[proofplan]
We show that a linear map $y = Ax$ is canonical if and only if $AJA^\top = J$. Starting from Hamilton's equations $\dot{x} = J \, \partial H / \partial x$ in the original coordinates, we transform to the new coordinates $y = Ax$ using the chain rule to express $\partial H / \partial x$ in terms of $\partial \widetilde{H} / \partial y$, and substitute into the transformed equation $\dot{y} = A\dot{x}$ to determine when the result has Hamiltonian form $\dot{y} = J \, \partial \widetilde{H} / \partial y$.
[/proofplan]
[step:Express the dynamics in the new coordinates $y = Ax$]

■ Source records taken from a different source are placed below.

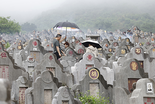 進入墳場,這裡一改往常清明節較為人多、充斥著香火味的情況,只有零星家庭在有蓋的骨灰龕區等待雨勢減弱。雨水在墓地區域的山坡湧下,水流湍急,未見有市民上山拜祭。墳場的清潔工告訴記者,當日來拜山的人明顯較往年清明節減少。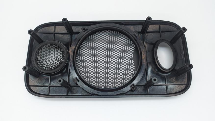 Конструкция выглядит неразборной, но передняя панель снимается и в корпусе есть 8 углублений с болтами. В эти же отверстия вставляется сама панель.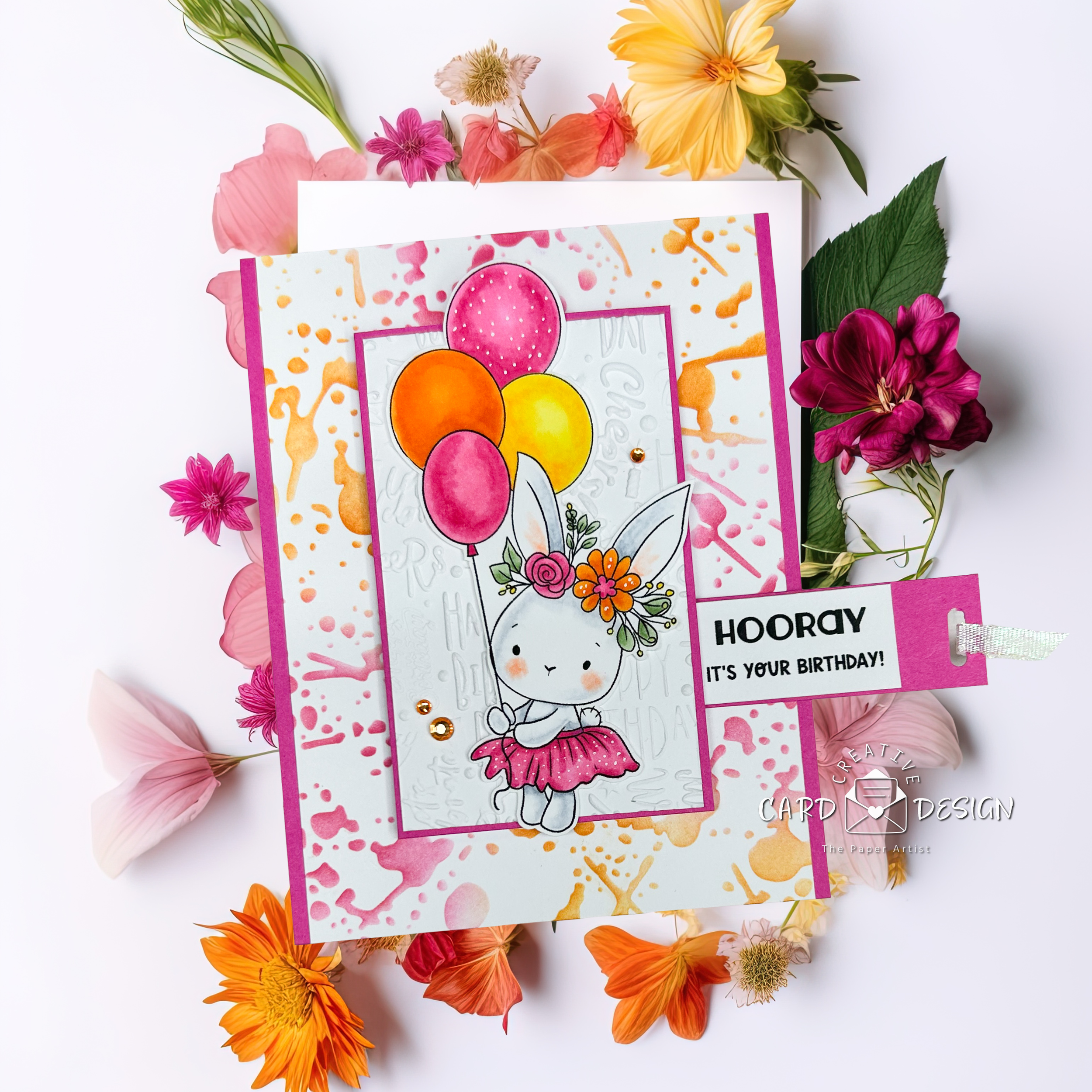 A gentle tug on the pretty ribbon reveals a hidden slider sentiment, because birthdays should always come with a little interactive magic.
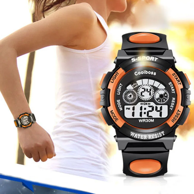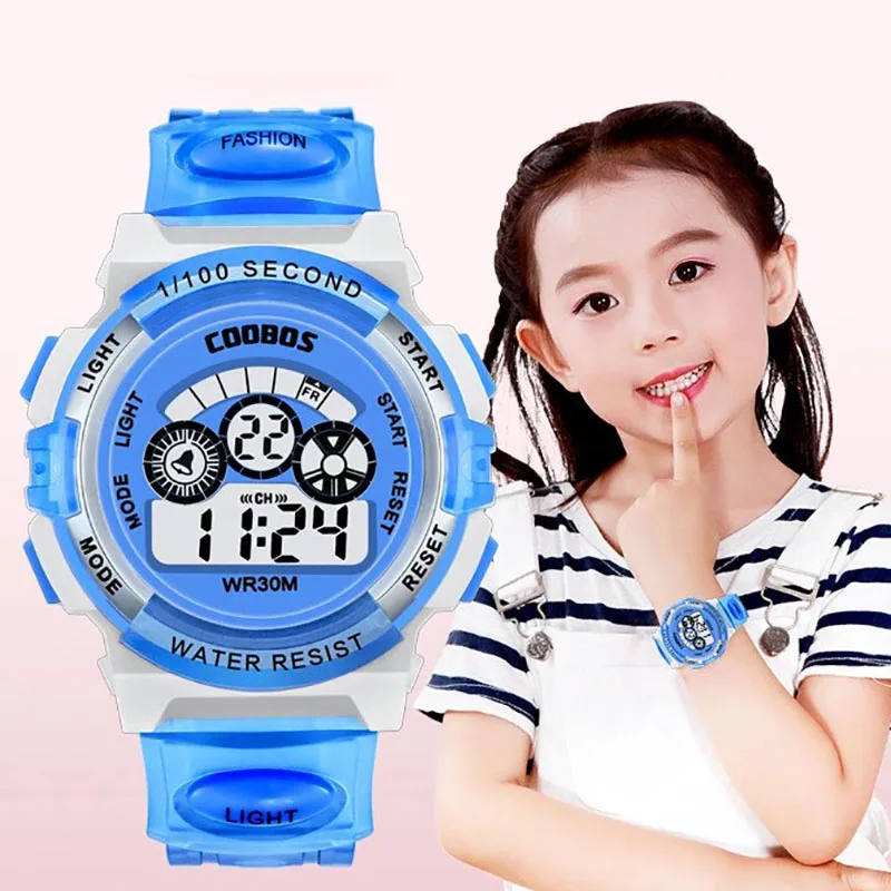 Светодиодные электронные цифровые часы для детей подростковый светящийся Циферблат Водонепроницаемые многофункциональные детские спортивные наручные часы для мальчиков и девочек

Since $A$ is a constant matrix and $y = Ax$, differentiation with respect to time gives
\begin{align*}
\dot{y} = A \dot{x}.
\end{align*}
By Hamilton's equations in the original coordinates,
\begin{align*}
\dot{x} = J \frac{\partial H}{\partial x},
\end{align*}
so
\begin{align*}
\dot{y} = A J \frac{\partial H}{\partial x}.
\end{align*}
[/step]
[step:Use the chain rule to express $\partial H / \partial x$ in terms of $\partial \widetilde{H} / \partial y$]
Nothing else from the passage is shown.